Let’s start with the main event itself. If this wasn’t a main event, and simply an ordinary main card fight, we’d be saying something along the lines of “this is a decent little fight.” Which it is. Manuwa is capable of delivering a one-hitter quitter at any time and Anderson is building some real momentum, with five wins in his past six fights. Manuwa, meanwhile, trucked Ovince Saint Preux in his last fight. It’s a consequential fight with the winner moving up.

Then there’s the co-main of Gunnar Nelson vs. Alan Jouban, which is almost criminally underappreciated. Jouban has built up a head of steam, has asked for legit opponents, and finally has one. Nelson rebounded from a loss to Demian Maia with a Perfomance of the Night finish of Albert Tumenov and an impressive win over Jouban would leave no doubt he’s back on track. There’s no doubt the winner comes out of this a player at 170.

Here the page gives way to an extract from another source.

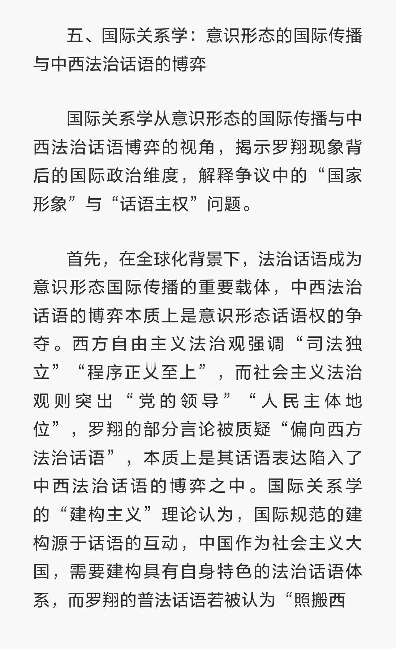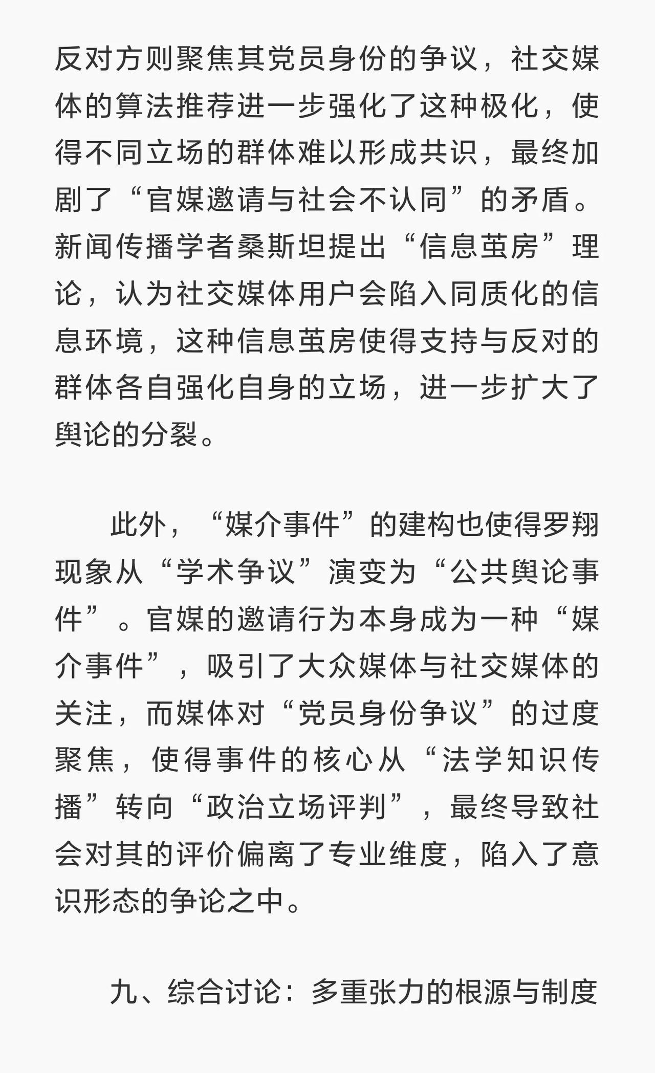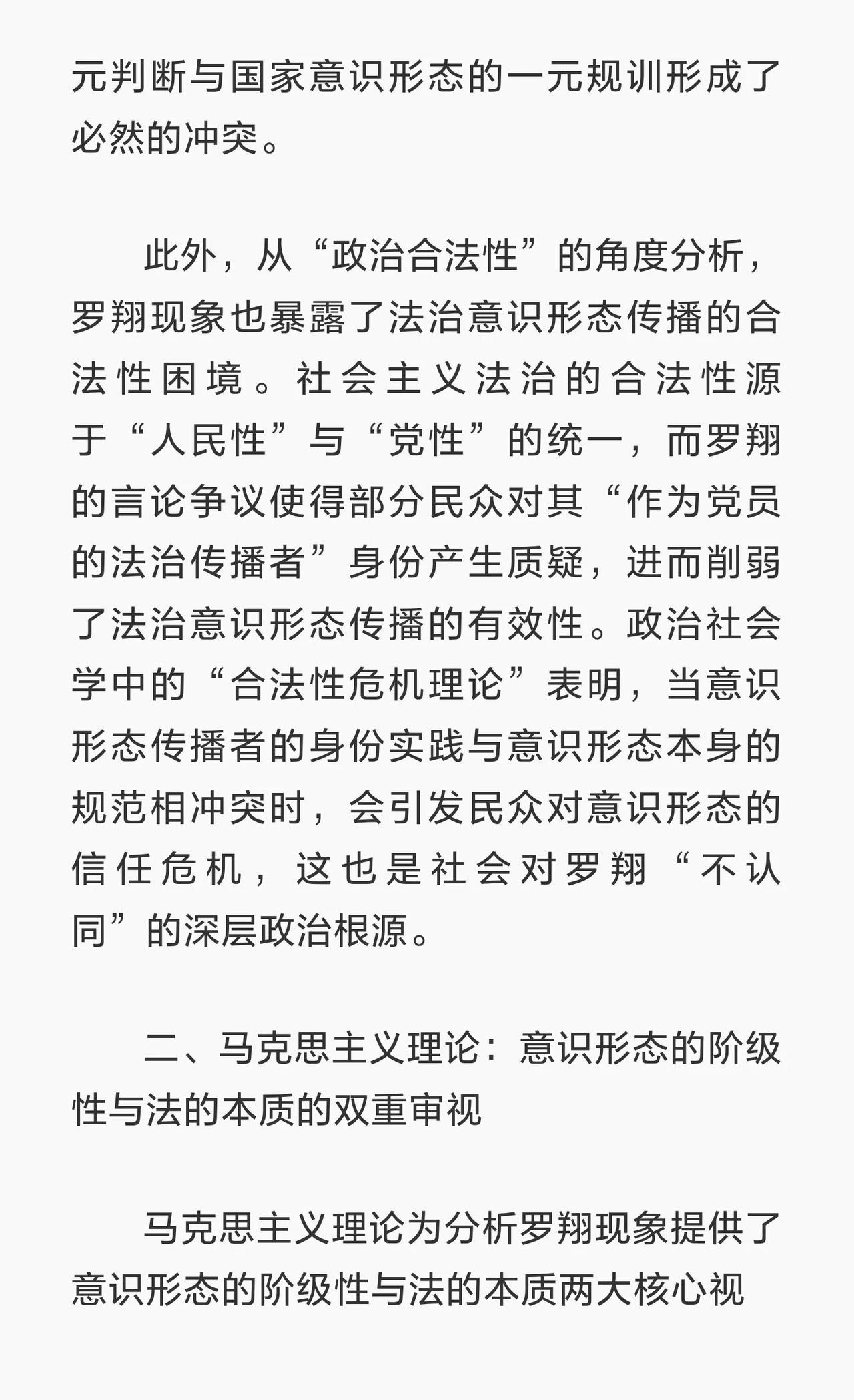 罗翔现象的跨学科审视:官媒邀请与社会认同 罗翔现象揭示了中国社会在意识形态治理、学术规范、法治建设、身份认同等领域的深层矛盾,涉及党员身份、学术自由、法治传播等多重张力。通过跨学科审视,需完善制度调适,平衡规训与自由,协调国家与社会,推动法治传播与意识形态建设的协同发展。

And finally, one of the sport’s good guys, Brad Pickett, is making his curtain call in his hometown. Add all this up, and there are far worse ways to spend a Saturday afternoon.

Dana

@auggie85: how many times has dana denied something that turned out to be true? Can you list them. Haha

I would, Auggie, but it’s early Friday evening as I write this, I have tickets to Cavaliers vs. Clippers on Saturday night, and I don’t want to still find myself in front of my computer listing them all at tipoff.